Голос Изабеллы совершенно не был похож на голоса всех тех певиц, которых актрисе доводилось до этого слышать. По тембру он напоминает тромбон, подумала она. Носовой, гибкий, богатый, немного надтреснутый, металлический… С террасы была видна череда белых, бежевых и оранжевых домов города Тринидад, который словно тонул в этой дождливой и туманной ночи. Но не только ночной пейзаж зачаровывал актрису — она не отрываясь смотрела на горло певицы, изборожденное тонкими морщинами. При каждой высокой ноте ее вены наливались кровью и дрожали. В этом горле не было голосовых связок, там находился звенящий средневековый колокол. Изабелла пела о черных слезах так, словно хотела примешать их к льющему снаружи дождю и разнести их по ветру. Но когда песня была допета и Язаки с актрисой зааплодировали, Изабелла снова впала в гнев: «Я спела. А теперь твоя очередь, скажи, в конце концов, кто ты?» «Актриса», — пролепетала та. «Актриса…» — расхохоталась Изабелла каким-то дребезжащим, неприятным смехом, очень напоминавшим ненастроенный приемник. Язаки положил камеру и встал между ними. «Рейко, ничего не отвечай. О чем бы она тебя ни спросила — ни в коем случае не отвечай». Она никак не могла понять, почему вдруг Изабелла так рассердилась и почему Язаки велел ей молчать. «Да почему же? Разве мы сделали что-то плохое?» — взволнованно проговорила актриса, хватая певицу за руку. Изабелла грубо оттолкнула ее. «Ты шлюха!» — заорала она. Актриса от неожиданности подпрыгнула на месте, и на ее глазах мгновенно выступили слезы. «Глянь-ка, шлюха расплакалась!» — продолжала кричать Изабелла. Сделав глоток из бутылки, она завопила ей прямо в ухо: «Еще до того, как вы приехали сюда, я знала, что ты — самая мерзкая из шлюх!
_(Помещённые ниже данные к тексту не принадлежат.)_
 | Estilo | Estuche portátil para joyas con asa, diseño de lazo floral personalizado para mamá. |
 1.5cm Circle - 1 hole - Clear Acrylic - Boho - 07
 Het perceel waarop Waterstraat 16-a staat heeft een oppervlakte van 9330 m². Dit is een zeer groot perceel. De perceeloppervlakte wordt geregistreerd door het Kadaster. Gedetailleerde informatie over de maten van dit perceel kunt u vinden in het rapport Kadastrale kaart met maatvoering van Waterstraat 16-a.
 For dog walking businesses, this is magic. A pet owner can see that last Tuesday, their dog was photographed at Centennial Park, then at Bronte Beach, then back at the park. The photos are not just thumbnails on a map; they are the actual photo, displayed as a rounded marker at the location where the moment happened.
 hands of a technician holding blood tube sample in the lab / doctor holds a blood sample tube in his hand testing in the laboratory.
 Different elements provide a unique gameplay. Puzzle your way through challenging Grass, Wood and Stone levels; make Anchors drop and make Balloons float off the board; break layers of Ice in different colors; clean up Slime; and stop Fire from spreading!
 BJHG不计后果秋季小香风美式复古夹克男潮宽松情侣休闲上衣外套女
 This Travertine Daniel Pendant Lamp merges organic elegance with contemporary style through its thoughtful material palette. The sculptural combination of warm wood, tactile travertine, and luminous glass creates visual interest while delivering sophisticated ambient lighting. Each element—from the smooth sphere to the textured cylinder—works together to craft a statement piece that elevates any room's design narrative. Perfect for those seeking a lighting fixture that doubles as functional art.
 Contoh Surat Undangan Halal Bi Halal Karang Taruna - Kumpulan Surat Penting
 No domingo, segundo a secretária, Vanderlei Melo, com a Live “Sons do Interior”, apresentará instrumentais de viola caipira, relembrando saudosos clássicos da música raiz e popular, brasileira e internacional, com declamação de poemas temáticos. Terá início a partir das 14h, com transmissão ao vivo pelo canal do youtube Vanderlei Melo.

Мне об этом утром сказал Орула, я общалась с божеством… Почему ты с этим мужчиной? Ты говорила, что любишь его, ты солгала, это была ложь, я сразу поняла, что ты лжешь, сразу, в одно мгновение!» Изабелла кричала, тыча пальцем в собственную грудь. Ее металлический голос бил в барабанную перепонку, казалось, он фрезой врезался в мозг и кромсал его на части. Актриса не выдержала и крикнула: «Замолчите!» Но едва она подняла голову, как Изабелла выплеснула ей в лицо весь ром, что оставался в бутылке. «Не отводи глаз», — приказал Язаки, но она уже успела спрятать лицо. «Будь ты проклята», — бросила Изабелла, спускаясь вниз с гитарой в руке.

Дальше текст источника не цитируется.